HOW TO COMPLETE THIS TASK
The material below holds pictures; leave them out and reproduce exactly the lines from the one with "Vi är ca 20" through the one with "18日(火)の素晴らしい秋晴", inclusive.

DATA FOR REVIEW
-=-=-=-=-

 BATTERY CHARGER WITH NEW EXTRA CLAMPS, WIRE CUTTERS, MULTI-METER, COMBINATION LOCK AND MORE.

-=-=-=-=-

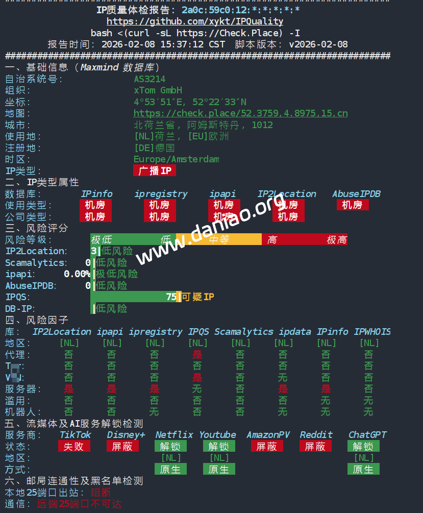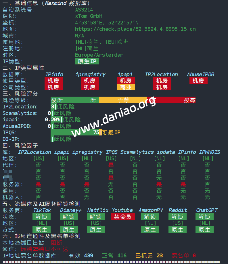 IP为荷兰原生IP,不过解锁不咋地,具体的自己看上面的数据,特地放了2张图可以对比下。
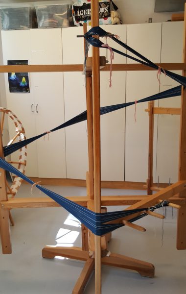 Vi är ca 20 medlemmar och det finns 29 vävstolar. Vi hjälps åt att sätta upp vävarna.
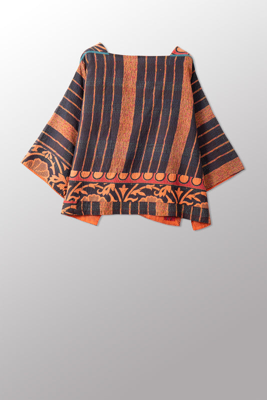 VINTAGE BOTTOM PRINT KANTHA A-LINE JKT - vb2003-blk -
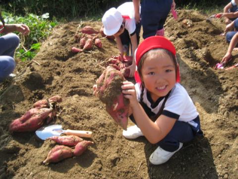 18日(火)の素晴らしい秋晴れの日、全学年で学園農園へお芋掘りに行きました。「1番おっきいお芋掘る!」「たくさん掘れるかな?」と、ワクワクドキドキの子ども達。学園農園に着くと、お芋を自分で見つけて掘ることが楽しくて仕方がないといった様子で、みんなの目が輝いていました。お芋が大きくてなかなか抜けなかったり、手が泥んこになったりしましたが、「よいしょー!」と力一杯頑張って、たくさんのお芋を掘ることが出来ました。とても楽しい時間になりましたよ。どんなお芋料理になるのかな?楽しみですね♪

-=-=-=-=-

OUTPUT OF THE TASK
 Vi är ca 20 medlemmar och det finns 29 vävstolar. Vi hjälps åt att sätta upp vävarna.
 VINTAGE BOTTOM PRINT KANTHA A-LINE JKT - vb2003-blk -
 18日(火)の素晴らしい秋晴れの日、全学年で学園農園へお芋掘りに行きました。「1番おっきいお芋掘る!」「たくさん掘れるかな?」と、ワクワクドキドキの子ども達。学園農園に着くと、お芋を自分で見つけて掘ることが楽しくて仕方がないといった様子で、みんなの目が輝いていました。お芋が大きくてなかなか抜けなかったり、手が泥んこになったりしましたが、「よいしょー!」と力一杯頑張って、たくさんのお芋を掘ることが出来ました。とても楽しい時間になりましたよ。どんなお芋料理になるのかな?楽しみですね♪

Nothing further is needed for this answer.